Тут не все так просто. При этом следует считать, что водитель-телохранитель имеет необходимый опыт. Он знает, что при скорости ровно в шестьдесят километров в час даже легкий «Матиз» сможет развернуть массивный «шестисотый» «Мерседес» носом в обратную сторону. Для этого надо нанести удар в его заднюю часть, примерно на шестьдесят сантиметров позади колеса. Пока «Мерседес» будет разворачиваться, чтобы продолжить преследование, ситуация в состоянии измениться в корне. Если водитель «Мерседеса» вдруг пожелает продолжить погоню задним ходом, то флаг ему в руки и кучу машин для столкновения.
Нас обучали противодействовать умению водителя-телохранителя. В ожидании столкновения ваша машина должна стоять обязательно с включенным двигателем и на задней передаче.

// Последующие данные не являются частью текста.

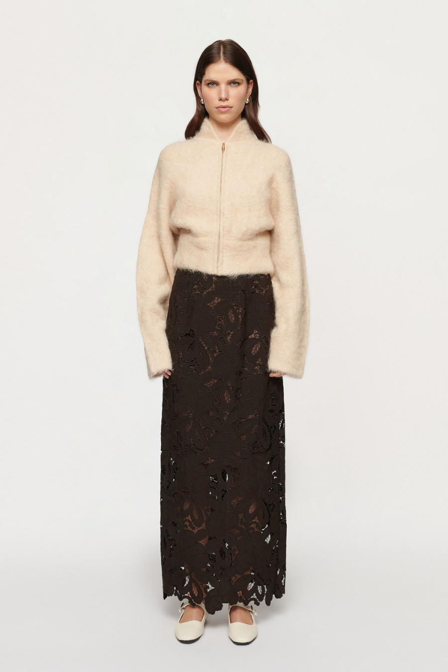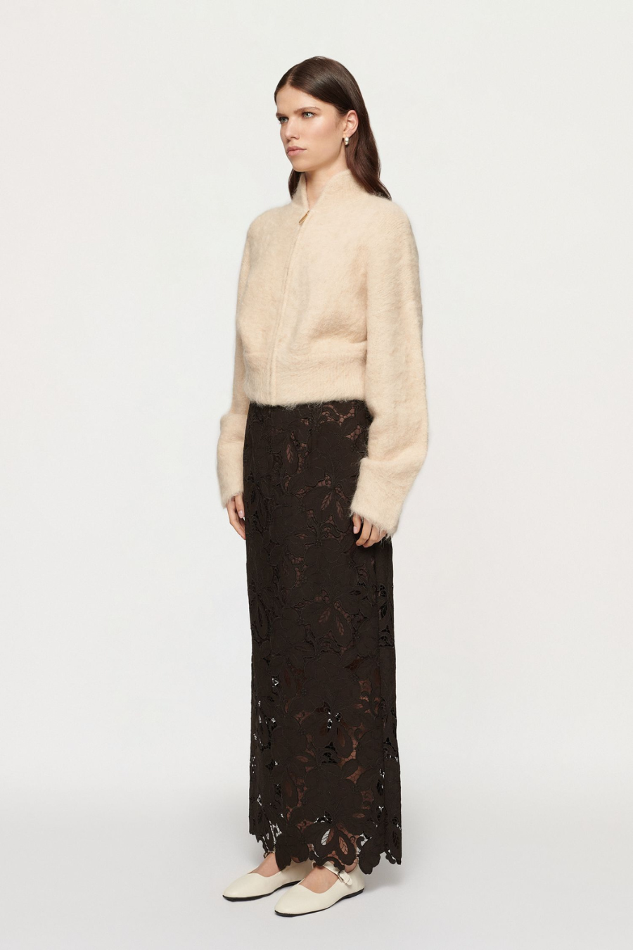 Beautifully crafted in a soft alpaca blend yarn the Archer Fluffy bomber has a warm and soft hand feel with a brushed surface texture. Boasting a high collar, a deep hem band, and elegantly rounded sleeve shapes, this bomber exudes sophistication. Finished with a heavy gauge metal zipper and bespoke rounded zip puller in soft gold, this elevated bomber blends comfort and style seamlessly.

В нужный момент вам останется только отпустить педаль сцепления и чуть-чуть надавить на акселератор. Это при наличии механической коробки передач. При автоматической требуется включить реверс, нажав педаль тормоза, и ждать. Потом вы перебрасываете ногу на педаль акселератора.
Удар придется машине в бок. Он в состоянии повредить оба автомобиля, но уже точно не развернет «Мерседес» против движения. Результат, необходимый вам, снова будет достигнут.
После часа теоретических занятий нас всех усадили в тот же микроавтобус и куда-то повезли. Я знал, что где-то в этих местах находится полигон Федеральной службы охраны. Там любой человек за соответствующую оплату может посещать занятия по экстремальному вождению. Я предполагал, что нас доставят именно туда. Но оказалось, что «сектор Эль» имеет собственный автодром.
Сначала меня это удивило. Я подумал, что у ГРУ слишком много свободных средств, которые эта структура может вложить во что угодно, по своему усмотрению. Но потом я понял, что наше командование просто не желает раскрывать личности бойцов и методы их обучения. Тем более перед ФСО. Ведь мы наверняка рано или поздно будем работать против тех персонажей, которых охраняет именно эта контора. Такова специфика действий «сектора Эль».
На полигоне нам были предоставлены битые-перебитые машины, у которых порой даже крыша была помята. Значит, здесь наверняка отрабатывалась и техника переворота.
Мне довелось заниматься этим на курсах повышения квалификации. Для совершения управляемого переворота легковой машины требовался только трамплин, который обычно используют в своих выступлениях всякие циркачи из «Автородео», когда им требуется поставить автомобиль на два колеса. Точно так же для начала поступали и мы, а потом резким поворотом руля во внутреннюю, приподнятую над дорогой сторону опрокидывали машину.
Она несколько раз перекатывалась через крышу и останавливалась там, где требовалось водителю. Это место определялось заранее. Скорость и особенности управления достаточно легко просчитывались специалистами.
При желании легко можно было направить машину и так, чтобы она свалилась с дороги. Здесь сложность состояла только в том, чтобы автомобиль оказался в таком положении, которое вам нужно в данный момент – на крыше или на колесах. Но и это поддавалось достаточно точному просчету. Он делался на основе собственных навыков, частой практики и определенных формул.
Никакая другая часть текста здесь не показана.